The two-component adhesive of the present disclosure adheres to a low surface energy plastic or polymer substrate that is a difficult-to-adhere material without using complicated surface treatment techniques such as flame treatment, itro treatment, corona discharge, and primer treatment. This is especially useful when “Low surface energy” in this disclosure is used for materials whose surface energy is less than 45 mJ / m ² , more typically less than 40 mJ / m ² or less than 35 mJ / m ² . Examples of such materials include olefinic materials such as polyethylene (PE) and polypropylene (PP), acrylonitrile-butadiene-styrene (ABS), and polytetrafluoroethylene (PTFE) having a surface energy of less than 20 mJ / m ² . Fluorinated polymers and elastomeric modifications of these materials and polymer blends of these materials with elastomers such as ethylene-propylene rubber (EPM), ethylene-propylene-diene rubber (EPDM). Other polymers with relatively high surface energy that can practically use the two-part adhesives of the present disclosure include polycarbonate (PC), polymethyl methacrylate (PMMA), and polyvinyl chloride (PVC). . The two-part adhesive of the present disclosure can be advantageously used for a substrate including an elastomer modified body that easily absorbs oxygen and a polymer blend of the elastomer. As a base material including a suitable elastomer modified body and a polymer blend of elastomer, an elastomer modified body of polyolefin such as polyethylene and polypropylene, or an elastomer such as ethylene-propylene rubber (EPM) and ethylene-propylene-diene rubber (EPDM) and polyethylene, Olefin-based elastomer substrates including polymer blends such as polypropylene, in particular polypropylene-based elastomer blends of polypropylene and polypropylene and polymer blends of elastomers such as ethylene-propylene rubber (EPM), ethylene-propylene-diene rubber (EPDM) An elastomer base material is mentioned.

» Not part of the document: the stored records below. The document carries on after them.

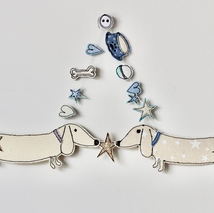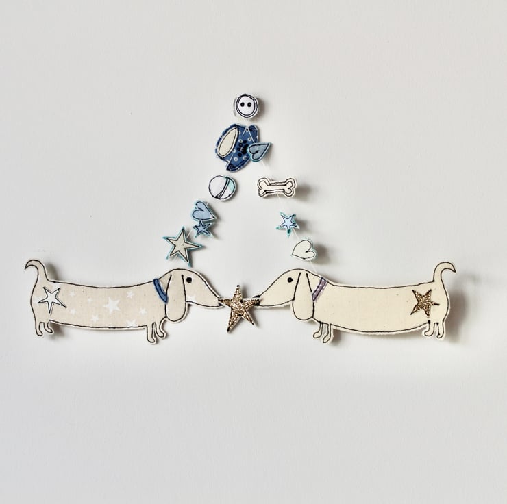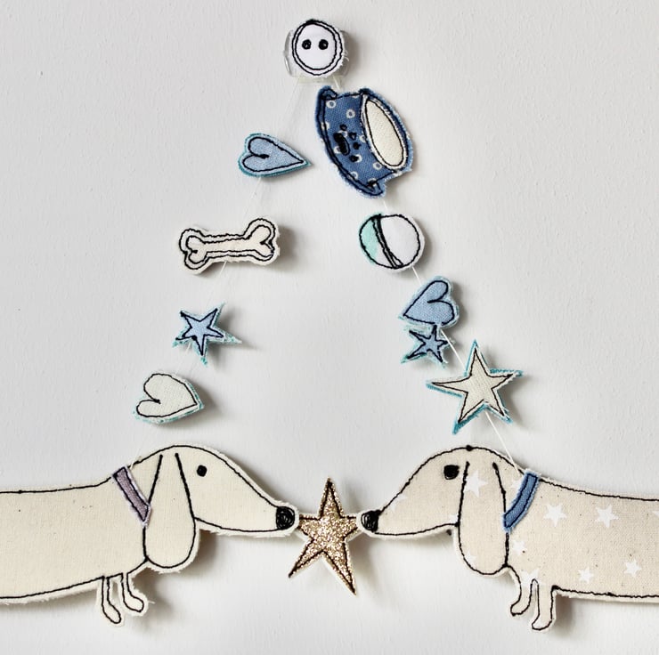 A delightful hanging decoration which is created using cotton cloth, metallic cloth, glitter cloth and free hand machine embroidery; multiple layers of cloth are sewn together and cut out by hand using very sharp scissors. With a linen thread to hang.
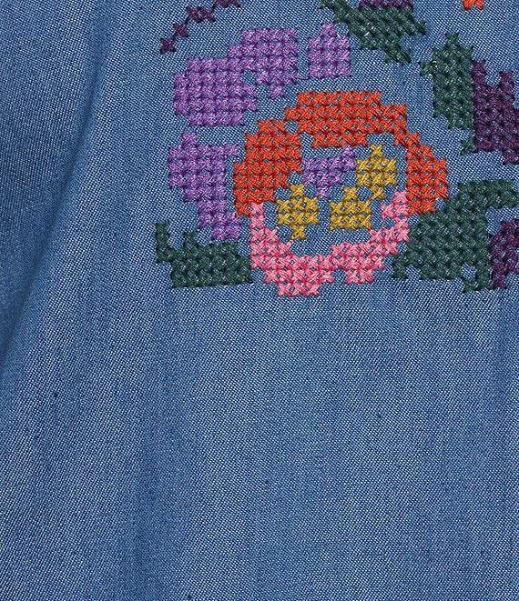 From Calessa Plus, this tunic features: Round split neckline with tassel ties Long sleeves Floral embroidered details Straight hemline Pullover construction Approx. 30" length Polyester Hand wash cold/line dry Imported.
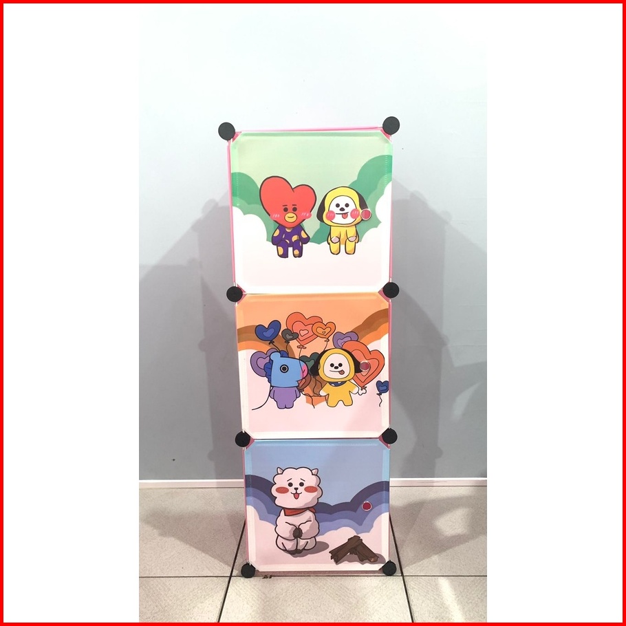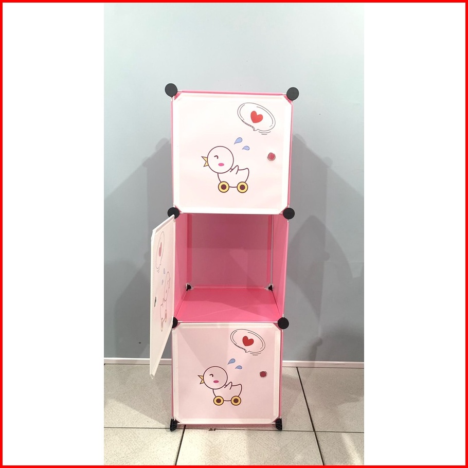 Shenar Lemari Pakaian Lemari Plastik Lemari Baju Anak Rak Buku Rak Topi 3 Kotak Pintu Susun
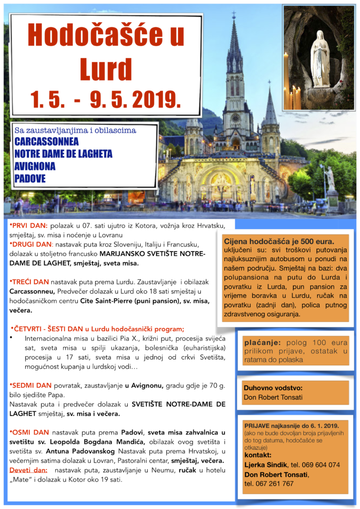 U svibnju 2019. biti će hodočašće vjernika Kotorske biskupije u Lurd (hodočašće je otvoreno i za vjernike drugih biskupija).
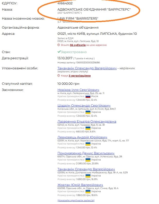 У всіх випадках контракт підписали з АДВОКАТСЬКИМ ОБ’ЄДНАННЯМ “БАРРІСТЕРС”.
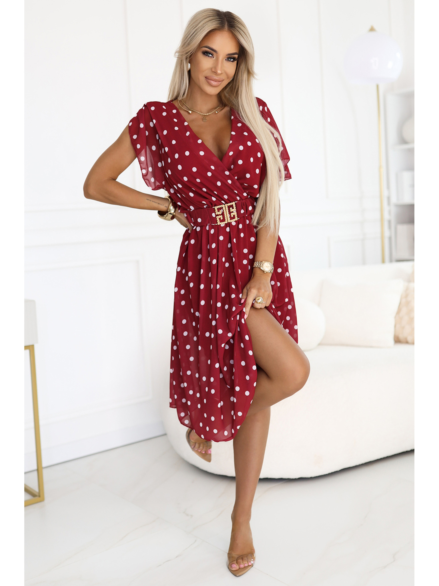 Exkluzív ruha kiszélesedő alsó résszel és arany cipzárral
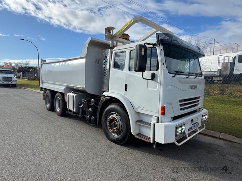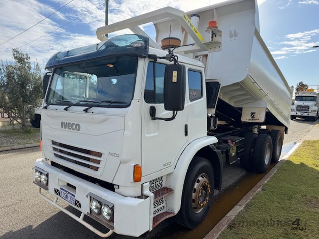 Truck Tipper Iveco Acco km 2 way tail gate Auto 1ISW335 SN1780. ROPS. 101186km. Tare 10300kg. GVM 23000kg. GCM 30000kg. Air tail gate. Cummins engine.
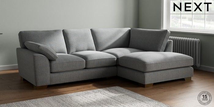 7.2.10 Buy Stamford Grand Relaxed Sit Medium Corner Chaise - Right Hand Chunky Marl Mid Grey Large Square Angle - Brushed Brass from the Next UK online shop Click here to use our accessible website
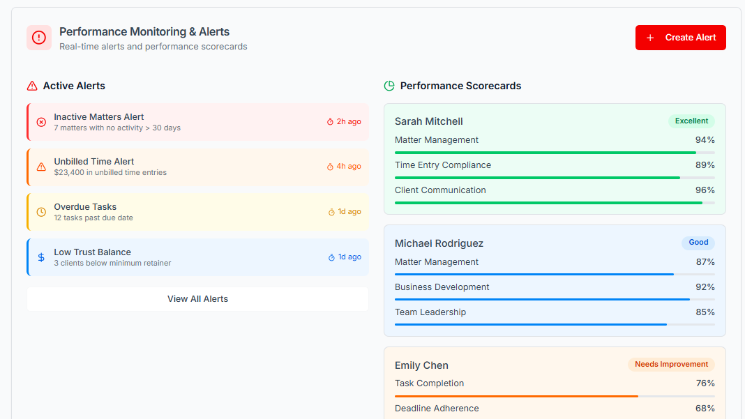 Flag inactive matters, overdue tasks, or workload bottlenecks.
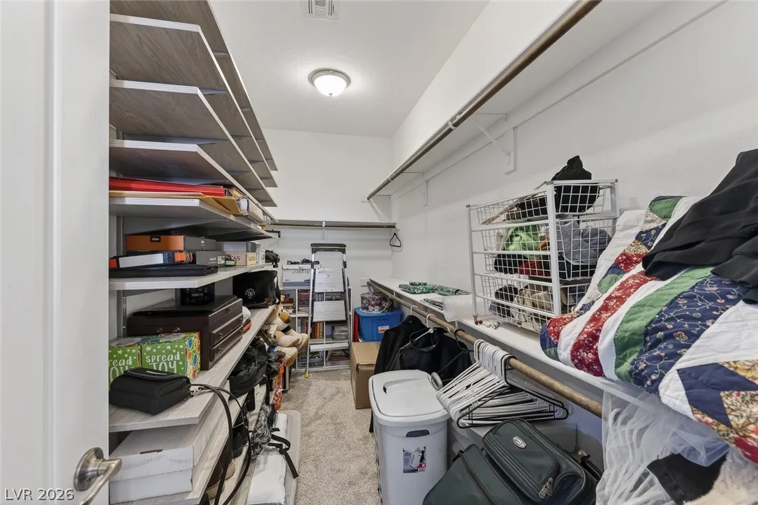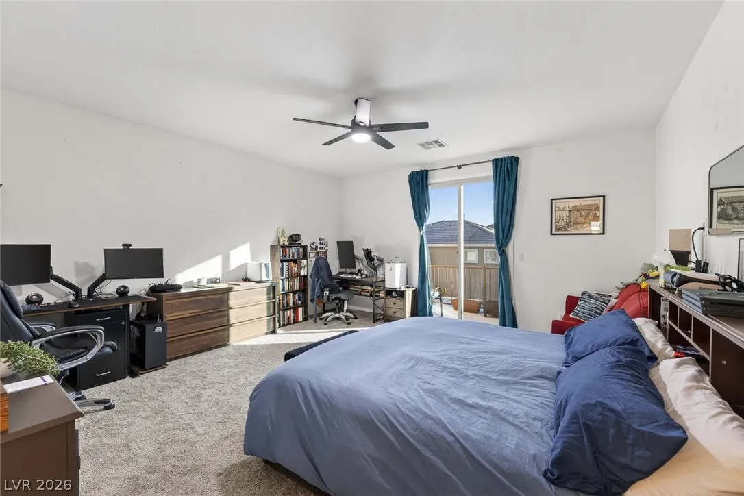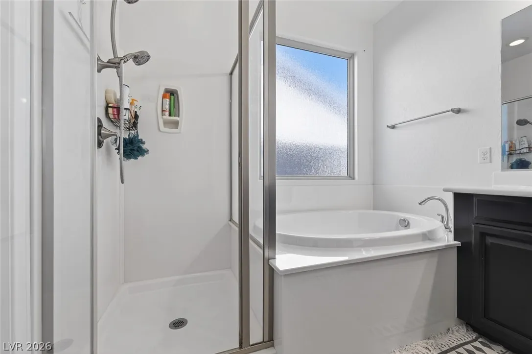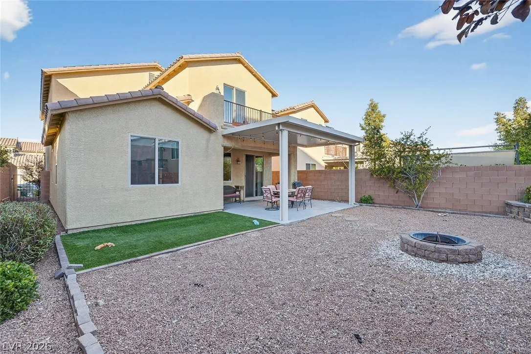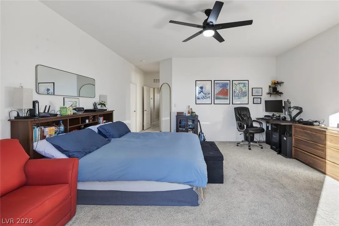Paid-off solar and rare dual primary suites—one on each level—make this upgraded 2,500+ SF NW Las Vegas home stand out. Ideal for multigenerational living, the downstairs suite offers a private en-suite bath, dual closets, and its own laundry hookups. Upstairs, unwind in a spacious primary retreat featuring a spa-inspired bath, two walk-in closets, and a private balcony with stunning mountain views. The open-concept layout is perfect for everyday living and entertaining, showcasing an island kitchen with granite countertops, stainless steel appliances, and abundant natural light throughout. Step outside to a generously sized backyard with a covered patio, ideal for relaxing or hosting gatherings. Located in the sought-after Providence master-planned community, you’ll enjoy easy access to parks, scenic trails, and nearby Mount Charleston. Experience comfort, style, and energy efficiency all in one exceptional home.
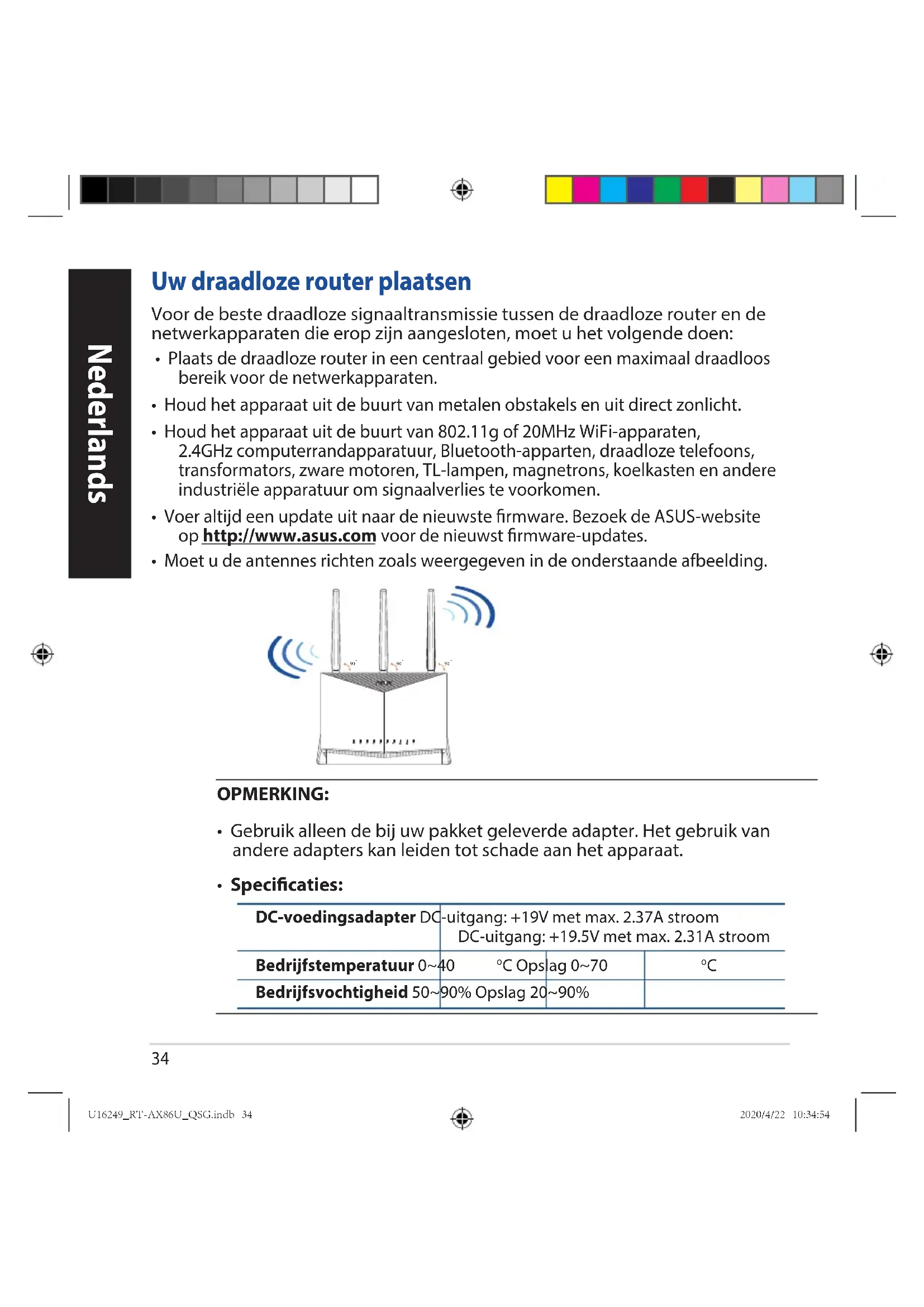 - Voer altijd een update uit naar de nieuwste rmware. Bezoek de ASUS-website op http://www.asus.com voor de nieuwst rmware-updates.

  The initiator (A) and the main agent (B) of the two-part adhesive of the present disclosure are mixed as is normally practiced when handling such materials. Part or all of the two-component adhesive of the present disclosure is mixed before applying the adhesive to the substrate.

  When a two-part adhesive is used in a commercial and industrial environment, the ratio of the initiator (A) and the main agent (B) to be mixed is a simple integer, using a conventional commercial supply device This is advantageous because the applied adhesive becomes easier. Such supply devices include double syringe applicators such as those described in US Pat. Nos. 4,538,920 and 5,082,147, such as the trade name “Mixpack” (MIXPAC) ( ConProTec, Inc., available from Salem, NH).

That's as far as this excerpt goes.